Training finds good questions to ask about your inputs — thresholds on numeric features, or branches for categories — so that each leaf ends up with examples that mostly agree on the target label.
Because the path from root to leaf is a list of rules, you can explain a single prediction to a stakeholder without opening a thousand-dimensional weight matrix.
Algorithms such as CART (Classification and Regression Trees) grow the model top-down. At each step they consider many candidate questions — for example “is age ≤ 35?” or “is color = blue?” — and pick the one that best separates the training labels into purer child groups.
Training is greedy: it chooses the best split now, without lookahead to future levels. That makes training fast, but it also means the tree is not guaranteed to be globally optimal — depth limits, leaf-size rules, and ensembles exist partly to tame that greed.
Stopping rules matter: maximum depth, minimum samples per leaf, minimum impurity decrease, or maximum number of leaves. Without them, a tree can keep splitting until every leaf holds a single training row — perfect training accuracy, poor generalization.
For classification, a node is pure if every example shares the same label. Common impurity scores are Gini and entropy. Both are highest when classes are evenly split at a node, and zero when only one class remains.

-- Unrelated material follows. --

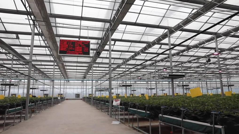 智慧农场玻璃温室现共种植三个品种、八万株草莓,均为自主繁育的草莓苗。科学种植促进了丰产,两座玻璃温室均可一年四季连续生产。

For a binary node with positive class proportion p, Gini is 2p(1−p) and entropy is −p log₂ p − (1−p) log₂ (1−p) (with the convention 0 log 0 = 0). Libraries average child impurities weighted by sample counts to score a candidate split.
Curves use the textbook formulas; vertical scale is illustrative.
Imagine eight loan applications: five will default (D) and three will not (N). The root is messy. A rule “income ≤ 40k?” sends five rows to the left leaf — four D and one N — and three rows to the right leaf — one D and two N. Neither leaf is perfect, but both are less mixed than the parent; the algorithm would compare this gain against other candidate questions.
| Region | Default (D) | Not default (N) |
|---|---|---|
| Before split (root) | 5 | 3 |
| Left: income ≤ 40k | 4 | 1 |
| Right: income > 40k | 1 | 2 |
In practice you never hand-count this for real data — DecisionTreeClassifier in scikit-learn does it for every feature threshold the implementation considers.
from sklearn.tree import DecisionTreeClassifier
# X_train: numeric encoding of Sky, Wind columns; y_train: Play label
clf = DecisionTreeClassifier(
max_depth=4,
min_samples_leaf=20,
random_state=42,
)
clf.fit(X_train, y_train)
A single tree can change a lot if you perturb the training sample — that is high variance. Its decision boundaries are axis-aligned (boxes and stair-steps in feature space), which matches spreadsheet-style data well but approximates diagonal boundaries only by stacking many small steps.
Pruning (cost-complexity pruning in CART) removes splits that do not pay for themselves on a validation metric. Hyperparameters like max_depth and min_samples_leaf are often easier to tune first than full pruning schedules.
Random forests train many deep trees on bootstrap samples of the data and, at each split, consider only a random subset of features. Averaging (voting) predictions reduces variance while keeping non-linear boundaries.
Gradient boosting builds trees sequentially: each new tree targets the mistakes (residuals) of the ensemble so far. Shallow trees plus many rounds often beat a single giant tree on accuracy — at the cost of more tuning and a less transparent model unless you add explainability tools.
Takeaway: interpretability lives at the single-tree level; competitive accuracy on tabular data often lives at the forest / boosted level.
This matches the entropy-optimal model above: one question, two leaves. No = calm wind → play outside; Yes = strong wind → stay inside.
One decision — same rule the entropy table selected at the root.
Is the wind strong?
Supervised trees trade some raw accuracy for clarity — and ensembles trade some clarity back for state-of-the-art accuracy on tabular data.
Understand the single tree first; the forest is just teamwork.